Create a batch using the returned file ID.
Poll the batch until it completes.
Download the output and error files.

Each line in the JSONL file represents one request. ZeroGPU processes those requests asynchronously and writes the results back to output files.

A minimal input line looks like this:

{“custom_id”:”request-1",”method”:”POST”,”url”:”/v1/chat/completions”,”body”:{“model”:”your-model-id”,”messages”:[{“role”:”user”,”content”:”Classify this text.”}]}}

The custom_id is returned in the output, so you can match every result back to your original input.

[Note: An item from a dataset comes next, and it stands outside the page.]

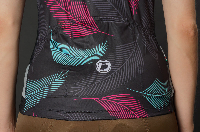 Designed for women, this cycling jersey features eco-friendly milk silk fabric, 3 back pockets for essentials, and an anti-slip hem for a secure fit. With moisture-wicking and quick-drying properties.

Built For AI Workloads At Scale

The Batch API is especially useful when you need to process a large amount of data without holding open client connections or building your own job orchestration layer.

ZeroGPU currently supports batch jobs for /v1/chat/completions, with JSONL files uploaded through /v1/files.

The core endpoints are:

POST /v1/files to upload input JSONL.
POST /v1/batches to create a batch job.
GET /v1/batches/{batch_id} to check status.
GET /v1/files/{file_id}/content to download results.

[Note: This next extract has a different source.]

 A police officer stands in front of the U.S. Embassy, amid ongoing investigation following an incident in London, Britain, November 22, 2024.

This makes batch processing easy to integrate into existing backend systems, cron jobs, data pipelines, and internal tools.

OpenAI-Compatible Shape
ZeroGPU’s Batch and Files APIs are wire-compatible with the OpenAI-style batch workflow, while using ZeroGPU authentication headers:

x-api-key: your-api-key
x-project-id: your-project-id

That means developers familiar with OpenAI batch jobs should feel at home, while still getting ZeroGPU’s routing, project isolation, logging, and model infrastructure.

When Should You Use Batch?
Use the real-time API when your user is waiting for a response.
Use the Batch API when the work can happen in the background.
Good fits include:

Nightly data processing.
Bulk document classification.
Large-scale extraction jobs.
Offline analytics.
Backfills.
Evaluation datasets.
Reprocessing historical data.

Batch jobs are also easier to audit because each request has a stable custom_id, and outputs are written to downloadable files.

Get Started

The fastest way to try it:

Prepare a JSONL file.
Upload it with POST /v1/files.
Create a batch with POST /v1/batches.
Poll for completion.
Download the output file.

You can try the new interactive playgrounds in the ZeroGPU docs:

Upload file: /api-reference/batch/upload-file
Create batch: /api-reference/batch/create-batch
Retrieve batch: /api-reference/batch/retrieve-batch
Download file: /api-reference/batch/download-file

Batch Processing makes it easier to run AI workloads at scale without managing queues, workers, retries, or GPU infrastructure.

ZeroGPU handles the execution. You focus on the data.